As a matter of fact, various causes can lead to scar tissue formation in the urethra including:
• Previous injury and trauma to urethra due to falling onto the perineum and scrotum
• Former medical procedures such as catheter insertion, prostate surgery, kidney stone removal surgery, hypospadias surgery
• Infectious disease such as different types of sexually transmitted diseases
• Lichen sclerosis and other inflammatory diseases which may affect on the inside and outside part of the penis, Reiter's syndrome
• Prostate enlargement, inflammation, and infection
• Malformation of the urethra due to congenital conditions in children (rare)

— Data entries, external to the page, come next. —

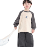 “Kids’ loose-fit denim culottes: Premium dark blue fabric, elastic waistband & side pocket. Breathable 7/8 length for all-day comfort. OEM/ODM available
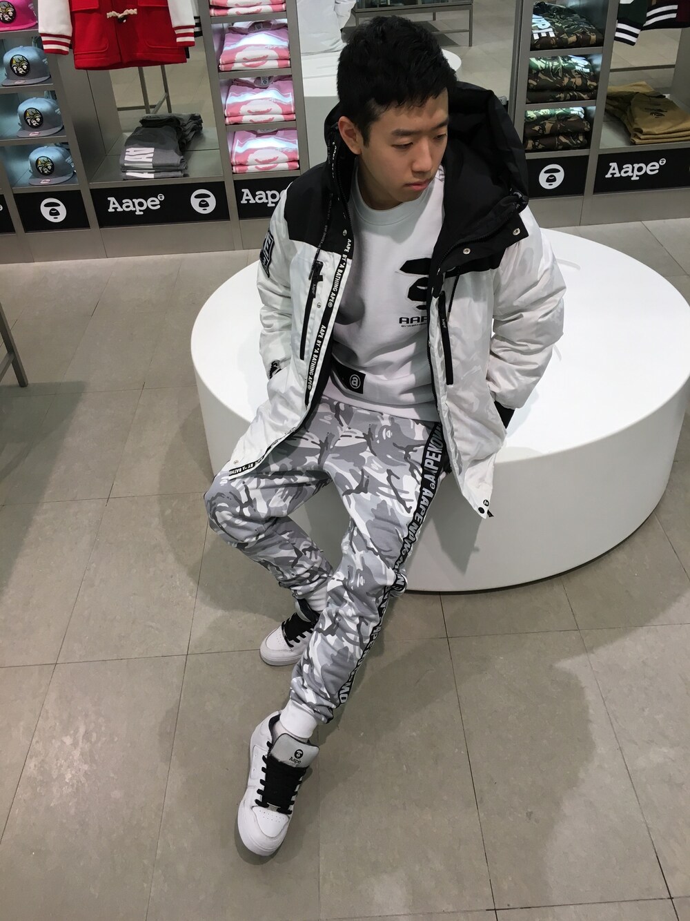 ダウンジャケットにスウェットパンツといったシンプルでラフなスタイルにホワイトカモ柄をテイストすることで冬らしさを強調してみました。
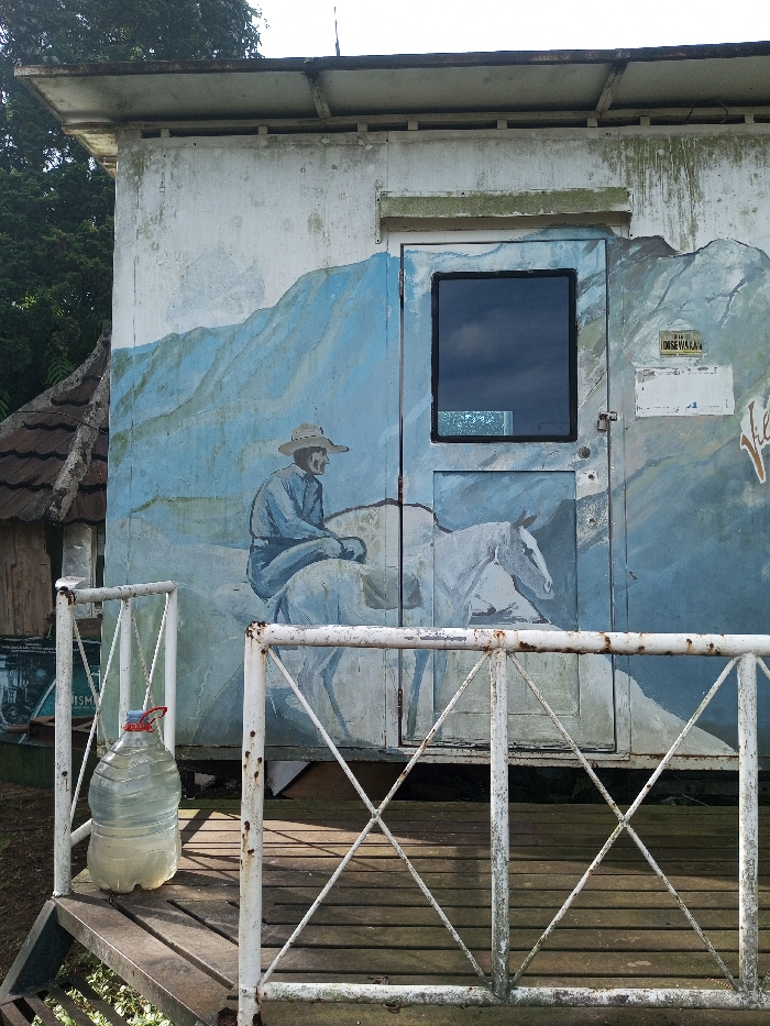 An old, weathered building features a mural of a cowboy riding a horse against a mountain backdrop. A door with a small window is painted to blend with the artwork. A white, rusty metal railing surrounds a wooden deck in front of the building. A large, clear water bottle with a red cap sits on the deck next to the railing. The building's exterior shows signs of age and wear.
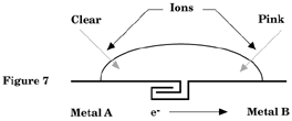 Place 2 strips of metal from Table 2 on each other and fold one end of the strips over each other several times. Flip one metal out so that both metals are visible (see figure 7). Place several drops of your salt solution on the junction of the 2 metals. Observe and record which metal turns pink on Table 2. In using Mg, if both metals turn pink, ignore the Mg.

• Urethral meatus irritation related to diaper
• Treating prostate cancer by the placement of radiation seeds into the prostate called brachytherapy
How can preparations for urethroplasty accomplish?
Prior to urethroplasty, some considerations should be observed including:
• The scar tissue should not be contracting and unstable. Therefore, you should not undergo dilating or cutting procedures for three months before the scheduled date for your surgery. If urinary retention occurs in this period, a suprapubic tube is placed through the skin to drain the urine directly from the bladder.

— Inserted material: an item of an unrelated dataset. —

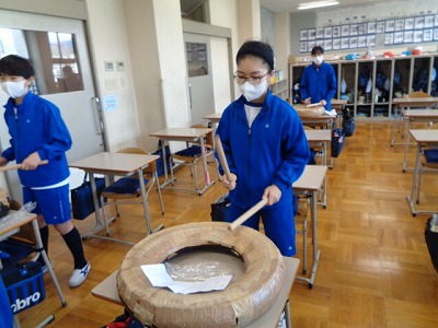 2つの教室に分かれて、6年生の和太鼓奏の練習が進んでいます。
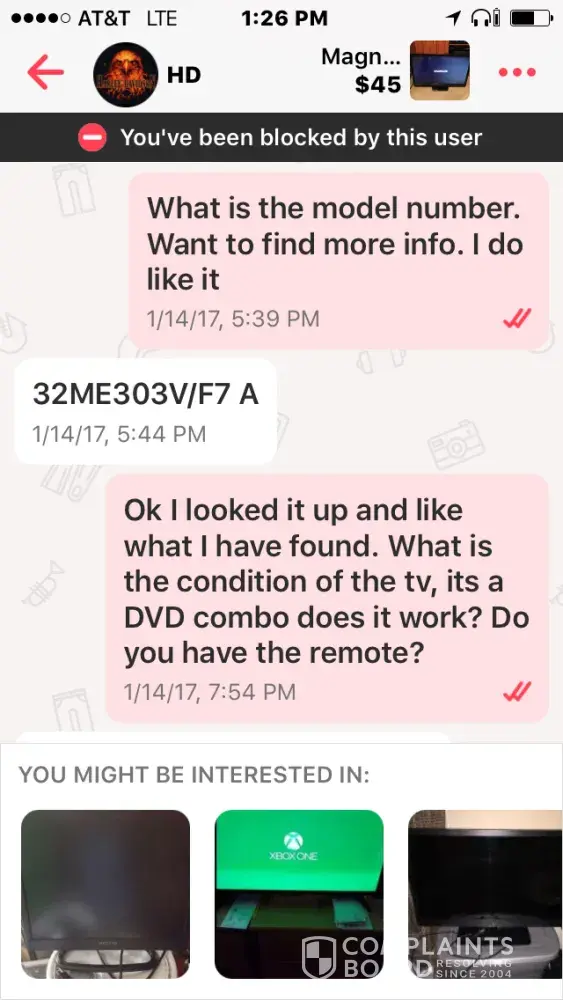 Told me he was going to give me a shipping notice. This person must be a scam. When I paid for the item through PayPal with my last dime to buy my grandson a gift. Paypal has fraudulent emails accepting money. Why is this person still selling for you on Letgo. He reposted my the TV and got my cash for my grandson's TV for Christmas. I am a recent military widow and I am very sad. Paypal should be responsible for this. He is not real he blocked my

• Your doctor should be informed about the medications you are taking, herbal supplements you are consuming and your special diets. Your surgeon will recommend you to stop taking blood thinners such as warfarin a week before surgery.
• You will be instructed to refrain from eating and drinking 8 hours prior to surgery except for the required medications with a sip of water.
• You will undergo some tests and examinations to determine the exact location of the scar tissue including:
• Physical examination
• Uroflow test
• Urodynamic test
• Cystoscopy and urethroscopy
• Ultrasound
• Retrograde (against the flow) urethrogram (a contrast dye is injected from the tip of the penis without using catheters and needles. The flow of the dye is seen by X-ray and the number, severity, position, and length of the strictures are determined)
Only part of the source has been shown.